Il convient évidemment de prendre en considération la fonction expressive de la loi, qui manifesterait, avec un principe de résidence alternée, le caractère anormal de l’absence d’investissement des pères. Mais le maintien du cas par cas, dans l’intérêt de l’enfant, compte tenu de l’état de la justice actuelle, peut être aussi vu comme une règle à maintenir dans une perspective féministe.
Quoi qu’il en soit, il n’est pas étonnant que les règles relatives à la résidence de l’enfant de parents séparés soient régulièrement l’objet de débats : la rupture du couple n’intervient jamais sur un terrain neutre en termes d’égalité, ce que révèle un rapport récent. J. M.

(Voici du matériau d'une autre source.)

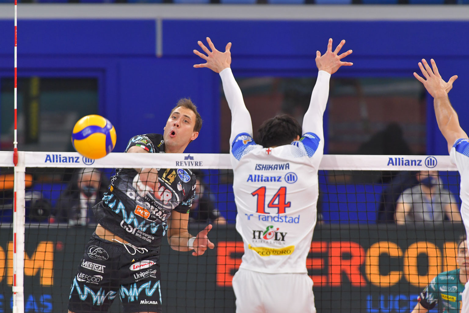 SIR SAFETY CONAD PERUGIA: Travica-Atanasijevic, Ricci-Solè, Leon-Plotnytskyi, Colaci libero. All. Heynen.

Un rapport d’information de la Délégation aux droits des femmes de l’Assemblée nationale, présenté par Sarah Legrain et Delphine Lingemann et portant sur « les politiques d’accompagnement à la parentalité » a été rendu public le 24 juin 2025. L’étude est construite en deux parties. La première s’attache aux constats : sans surprise, la « charge domestique et parentale » est encore largement assumée par les femmes106 et si les politiques familiales ont été, au fil du temps, réorientées vers la « parentalité » et non plus simplement vers le rôle des mères, ce voile d’égalité ne suffit bien évidemment pas à combattre les stéréotypes et les inégalités réelles affectant les femmes107. Le rapport constate par exemple qu’entre 2020 et 2022, six personnes sur dix adhéraient à l’idée selon laquelle les mères savent mieux répondre aux besoins des enfants que les pères ou qu’en 2022, 23 % des 18-24 ans adhéraient à l’idée selon laquelle « un enfant qui n’a pas encore l’âge d’aller à l’école a des chances de souffrir si sa mère travaille ». Quant aux inégalités, on relèvera les manifestations d’une « pénalité parentale » explicitée par le rapport dans ses implications économiques (perte de revenus, diminution d’activités), sociales (isolement, discrimination dans l’environnement professionnel) et sanitaires (risque d’épuisement physique et psychique), évidemment exacerbée pour les mères en charge d’une famille monoparentale. Quarante‑quatre recommandations, souvent intéressantes, sont proposées dans la deuxième partie du rapport pour « avancer vers l’égalité dans la parentalité »108. On retiendra notamment la promotion d’une vision égalitaire des rôles parentaux dès le plus jeune âge109 ; une réforme des congés parentaux avec une proposition d’allongement du congé paternité à 16 semaines à l’image du « congé » maternité 110 ; une amélioration du suivi post-partum avec une extension du congé de proche aidant au second parent en cas de dépression de la mère ; la création d’un statut de famille monoparentale permettant l’octroi de droits spécifiques111 ; ou encore une réforme du système d’accueil de la petite enfance. M. S.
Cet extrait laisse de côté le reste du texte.